Prior unsupervised approaches like Seq2seq Fingerprint used an encoder-decoder architecture to learn representations from unlabeled SMILES, but the decoder acts as scaffolding that consumes GPU memory during pre-training without contributing to downstream prediction. The semi-supervised Seq3seq Fingerprint improved on this by incorporating labeled data, but retained the encoder-decoder inefficiency. RNN-based methods also suffer from difficulty in parallel training and require careful tuning (gradient clipping, early stopping) to converge.

The authors identify two motivations: (1) building a semi-supervised model that effectively leverages large pools of unlabeled SMILES to improve prediction with limited labels, and (2) designing an architecture where the entire pre-trained model participates in fine-tuning (no wasted decoder parameters) and naturally supports parallel training.

Masked SMILES Recovery with Transformer Encoders

The core innovation is the Masked SMILES Recovery pre-training task, directly analogous to BERT’s masked language modeling. The model architecture is a stack of Transformer encoder layers, making it fully convolutional and parallelizable.

Architecture

SMILES-BERT uses 6 Transformer encoder layers, each with 4-head multi-head self-attention and feed-forward dimension of 1024. Each Transformer layer contains three components: a pre-attention feed-forward network, a self-attention layer, and a post-attention feed-forward network, all followed by layer normalization with residual connections.

The self-attention mechanism uses scaled dot-product attention:

$$ Z = \text{Softmax}\left(\frac{(XW^{Q})(XW^{K})^{T}}{\sqrt{d_{k}}}\right) XW^{V} $$

where $X \in \mathbb{R}^{N \times M}$ is the input feature matrix, $W^{Q}$, $W^{K}$, $W^{V} \in \mathbb{R}^{M \times d_{k}}$ are the query, key, and value weight matrices, and $\sqrt{d_{k}}$ is the scaling factor.

Input SMILES are tokenized at the character level with token embeddings and positional embeddings. A special <GO> token is prepended to each SMILES, and its output representation is used for downstream classification/regression after fine-tuning.

Pre-training: Masked SMILES Recovery

Following BERT’s masking strategy, 15% of tokens in each SMILES are selected for masking (minimum one per SMILES). Of the selected tokens:

  • 85% are replaced with a <MASK> token
  • 10% are replaced with a random token from the vocabulary
  • 5% are kept unchanged

The model is trained to recover the original tokens at masked positions. The loss is computed only on the masked token outputs.

Fine-tuning

After pre-training, a classifier or regressor head is added to the <GO> token output. The entire model (all Transformer layers plus the new head) is fine-tuned on the labeled dataset.

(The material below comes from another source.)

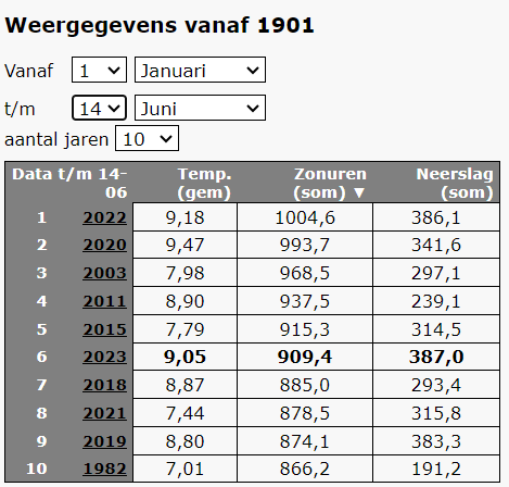 Ongekende hoeveelheid zonneschijn. 6e plek alweer.

Key differences from the original BERT:

  1. Only the Masked SMILES Recovery task is used (BERT’s next sentence prediction is dropped since SMILES have no consecutive-sentence structure)
  2. Segment embeddings are removed
  3. The architecture is smaller (6 layers, 4 heads, 1024 FFN dim) since SMILES have a much smaller vocabulary and shorter sequences than natural language

The authors compared this configuration against a larger BERT-base setup (12 layers, 12 heads, 3072 FFN dim) and found no meaningful performance difference, confirming that the smaller model is sufficient for SMILES.

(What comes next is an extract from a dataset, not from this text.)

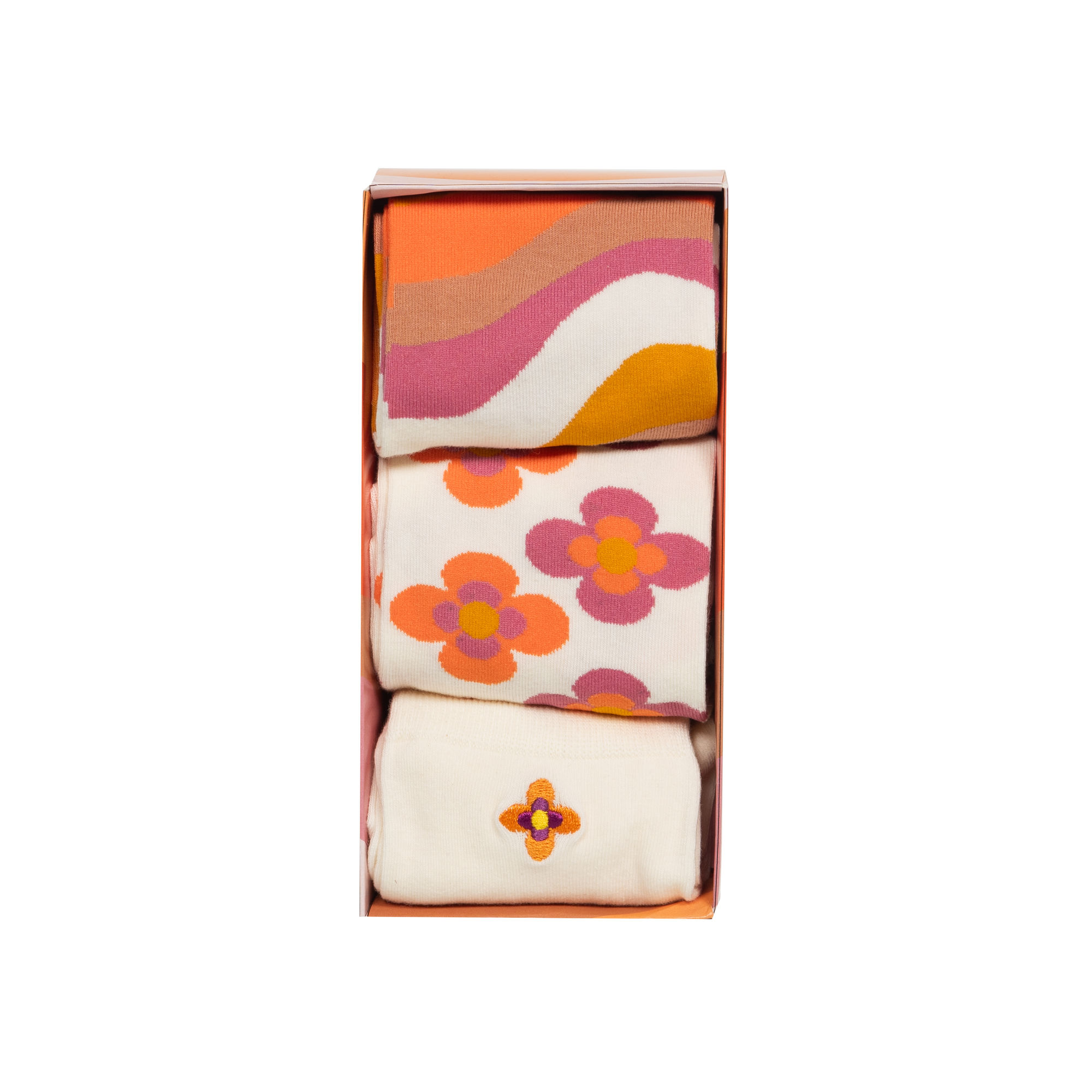 Shop Accessori COFANETTO SET TRE CALZE ARANCIO Shop Accessori COFANETTO SET TRE CALZE ARANCIO Punto Verde COFANETTO SET TRE CALZE ARANCIO 19,90 € IVA inclusa Disponibile COFANETTO SET TRE CALZE ARANCIO quantità Aggiungi al carrello Aggiungi alla lista dei desideriSet di 3 paia di calzini da donna con fantasia floreale colorata, perfetti per aggiungere un tocco di allegria e stile agli outfit di ogni giorno. Scopri tutte le nostre simpatiche varianti e trova quella che più ti rappresenta! Materiale: 75 % Cotone 23 % Nylon 2 % Elastane Misure Scatola: 37,00 cm x 10,00 cm x 10,00 cm TAGLIA UNICA PER DONNA – WOMAN Disponibile COFANETTO SET TRE CALZE ARANCIO quantità Aggiungi al carrello Aggiungi alla lista dei desideri

Experimental Setup and Baseline Comparisons

Pre-training Data

SMILES-BERT was pre-trained on the ZINC database with 18,671,355 training SMILES, 10,000 for validation, and 10,000 for evaluation. Pre-training ran for 10 epochs using the Adam optimizer with a warm-up strategy (learning rate from $10^{-9}$ to $10^{-4}$ over 4,000 steps, then inverse-square-root decay). Batch size was 256 and dropout was 0.1. The pre-training masked SMILES exact recovery rate reached 82.85% on the validation set.

Fine-tuning Datasets

DatasetSourceSizeTaskMetric
LogPNCATS/NIH10,850Classification (threshold 1.88)Accuracy
PM2NCATS/NIH323,242Classification (threshold 0.024896)Accuracy
PCBA-686978PubChem302,175ClassificationAccuracy

All datasets were split 80/10/10 for train/validation/test. Fine-tuning used Adam with a fixed learning rate for 50 epochs, selecting the best model on validation data.

Baselines

  • Circular Fingerprint (CircularFP): Manually designed hash-based fingerprint (ECFP family)
  • Neural Fingerprint (NeuralFP): Graph-based neural network replacing hash functions with learned layers
  • Seq2seq Fingerprint (Seq2seqFP): Unsupervised encoder-decoder model on SMILES
  • Seq3seq Fingerprint (Seq3seqFP): Semi-supervised encoder-decoder model on SMILES

Results

MethodLogPPM2PCBA-686978
CircularFP~0.900.6858~0.82
NeuralFP~0.900.6802~0.82
Seq2seqFP~0.870.6112~0.80
Seq3seqFP~0.900.7038~0.84
SMILES-BERT0.91540.75890.8784

SMILES-BERT outperformed all baselines on all three datasets. The improvement over Seq3seqFP was approximately 2% on LogP, 5.5% on PM2, and 3.8% on PCBA-686978. The results on PM2 (the largest labeled dataset) show that pre-training benefits persist even with substantial labeled data.

Structure Study

ConfigurationLayersAttention HeadsFFN DimLogP Accuracy
SMILES-BERT6410240.9154
SMILES-BERT (large)121230720.9147

The larger configuration provided no improvement, supporting the choice of the smaller, more efficient architecture.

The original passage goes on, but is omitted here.